London Stock Exchange is not for sale. That was the defiant message at the LSE's annual meeting yesterday from its chairman Gibson-Smith.

"The board is totally focused on continuing to deliver a strong performance which will increase value for shareholders," he said.

"We will not allow these objectives to be undermined by any transaction that is ill-thought-through, defensive, or because it is fashionable."

The LSE's value was built on the unique characteristics of the London market that cannot easily be replicated.

" Issuers, in vestment banks, brokers and investors are drawn to London by our regulatory approach, the high standards of corporate governance and the deep pools of international capital that reside here," Mr Gibson-Smith added.

"What happens to the exchange matters deeply to London's international financial market and the continued global success of that market. Our futures are inextricably linked."

A merger with another exchange might lead to the erosion of these attributes through the import of unsuitable regulations and in compatible market models, he warned.

Earlier, the LSE reported a bumper start to its new year yesterday with revenues of £84.3 million, in the three months to June, 25 per cent ahead of those in the same months last year.

Clara Furse, chief executive, said this performance was driven by record volumes across its electronic trading screens and growth in the number of terminals taking its data.

That, she added, reflected not just increased trading in the particularly active markets over the last few weeks, but a more fundamental secular change in equity trading over the past year.

"The continuation of very good trading underlines the value arising from our unique strategic position and our confidence in the step-change in our growth prospects," Mrs Furse commented.

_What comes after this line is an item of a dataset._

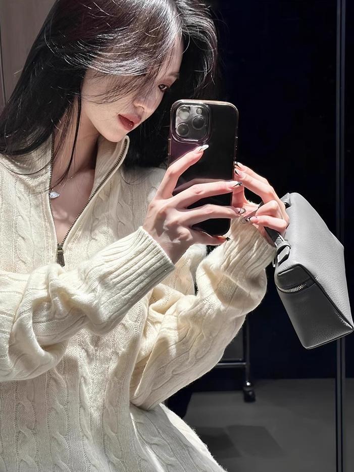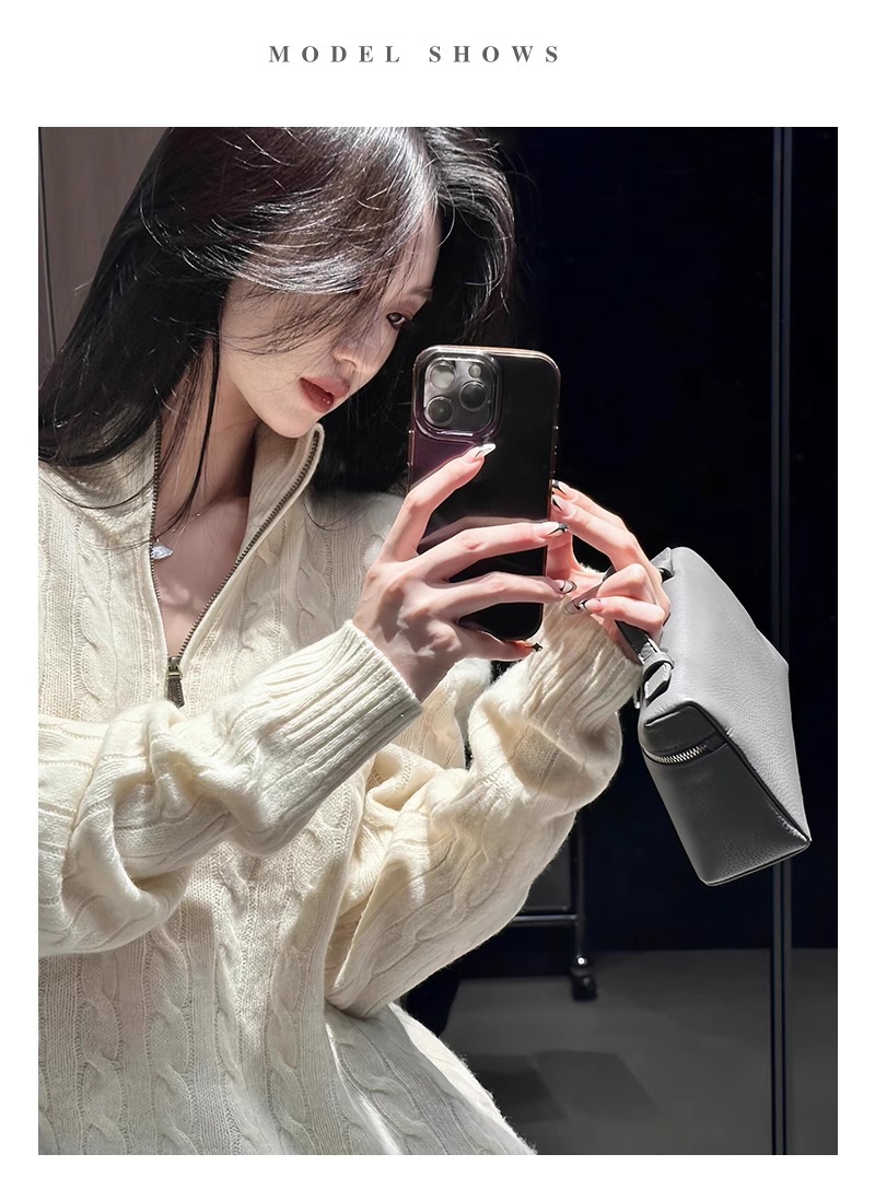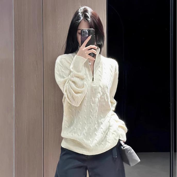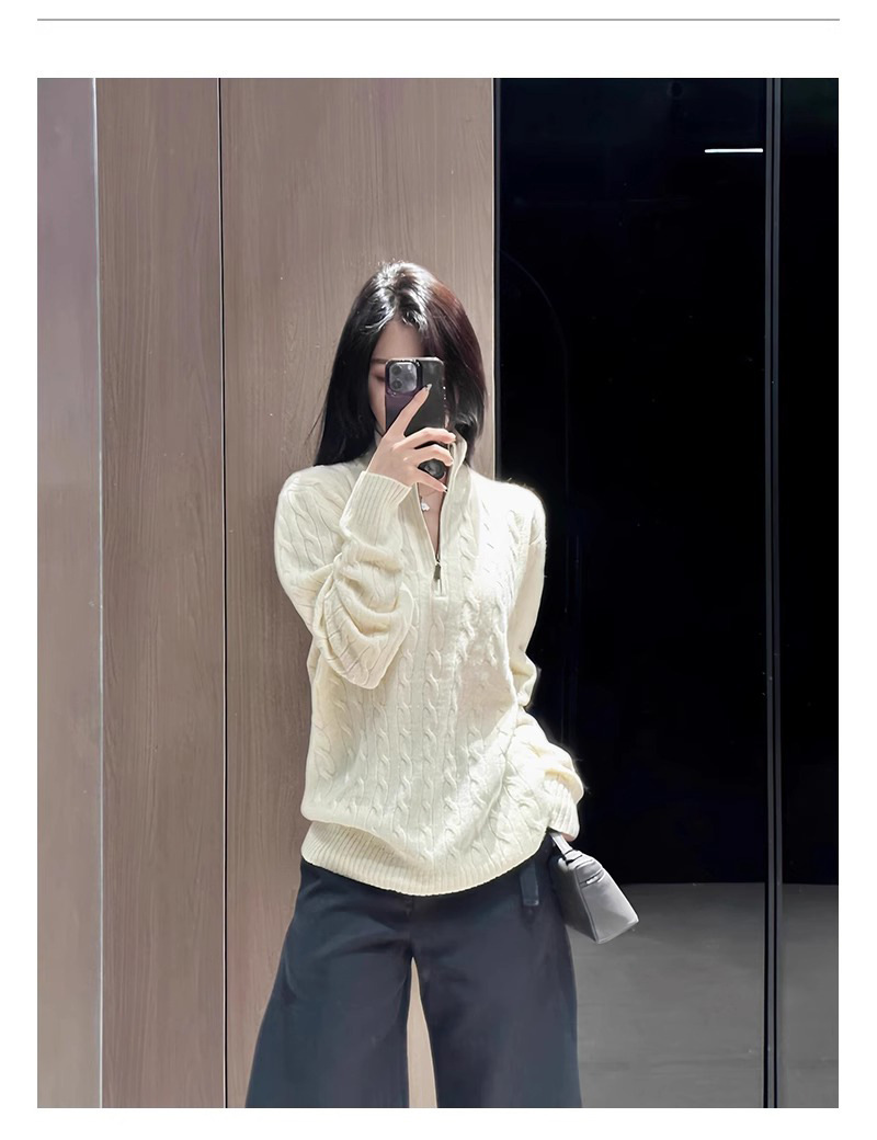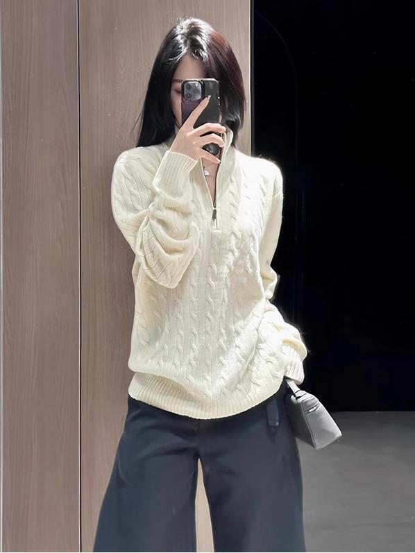 Американский ретро молочный белый старый денежный ветер с высоким воротником свитер женский осень-зима 2024 полузастежка-молния дизайн трикотажный нижний свитер

Europe's biggest stock market, now 25 per cent owned by the US Nasdaq, has been a long-running bid target.

Mrs Furse said nothing about bid prospects when she presented yesterday's three-monthly trading update. The LSE's shares have tripled in value over the past 18 months as the exchange was courted by, and rebuffed, four would-be buyers.

The New York Stock Exchange, which many analysts had tipped as a fifth and potentially winning suitor, recently struck an alternative deal with pan-European exchange Euronext.